Accuracy
Description
Data accuracy is a key characteristic of data quality. This metric refers to the fact that values for a specific object are mapped in the correct format and size. This metric is used to emphasise the correctness and consistency of data and to prevent ambiguity.
If one questions whether the recorded data reflects the real world. Here, accuracy can refer to decimal places of decimal numbers or even trivially to the incorrect spelling of names and addresses.
Accuracy can be determined using ground truth, an alternative data recording.
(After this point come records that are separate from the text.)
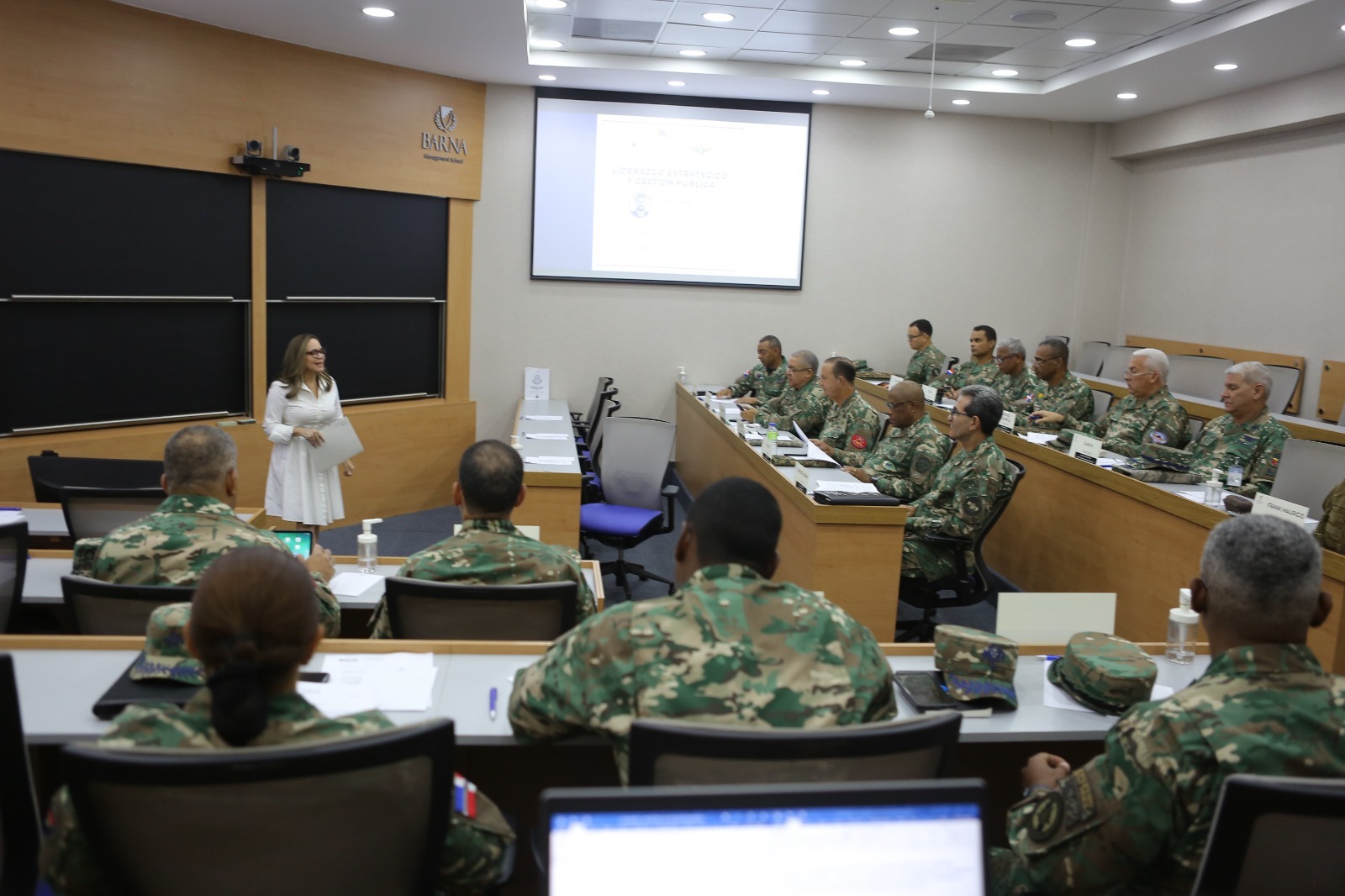 SANTO DOMINGO, RD.- Con el objetivo de reforzar las capacidades del alto mando militar de las Fuerzas Armadas en temas de gestión pública y liderazgo para la toma de decisiones estratégicas, oficiales del estado mayor general y conjunto, directores de cuerpos especializados y dependencias del Ministerio de Defensa (MIDE), fueron capacitados en un taller en la BARNA Management School.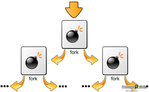Lệnh này được định nghĩa là một chức năng của shell tạo ra các bản sao mới của chính nó.Nó sẽ được nhân bản nó lên với cấp số nhân và bản sao của nó cũng tự nhân bản lên với cấp độ tương tự. Nó sẽ khiến cho CPU của bạn bi chiếm dụng hoàn toàn. Đây có thể coi là một cuộc tấn công từ chối dịch vụ rất nguy hiểm.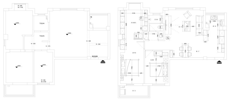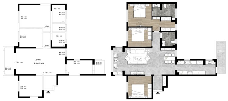 这套位于泛海国际的四居室住宅建筑面积约为175㎡ 6686官方版app,户型结构虽然不算很规整,但是好在也没有各种难以设计处理的犄角空间,为了将空间更加合理的利用,设计师将房屋中相对比较突兀的区域改造成厨房,这样能够借助户型的结构将厨房油烟更好的释放出室外,同时,为了提升主人的家居质量,内部两个小空间则直接融入主卧中改造成主卧附带的卫浴空间与迷你衣帽间。
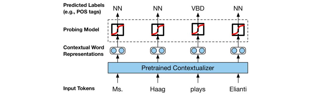 在我的印象中,过去一年首次出现很多致力于分析单个模型 BERT 的论文的现象(此类论文被称为 BERTology)。在这种情况下,旨在了解模型是否通过预测某些属性来捕获形态、语法等的探针,已成为一种常用工具(参见下图)。

Data accuracy can be described by the standard error.
Tools and Libraries
Python
Install numpy and scipy via command:
pip install numpy
pip install scipy
Using numpy to calculate standard error
# import numpy
import numpy as np
# define dataset
data = np.array(
[3, 4, 4, 5, 7, 8, 12, 14, 14, 15, 17, 19, 22, 24, 24, 24, 25, 28, 28, 29]
)
# calculate standard error of the mean
np.std(data, ddof=1) / np.sqrt(np.size(data))
Using scipy.stats to calculate standard error
# import scipy
from scipy.stats import sem
# define dataset
data = [3, 4, 4, 5, 7, 8, 12, 14, 14, 15, 17, 19, 22, 24, 24, 24, 25, 28, 28, 29]
# calculate standard error of the mean
sem(data)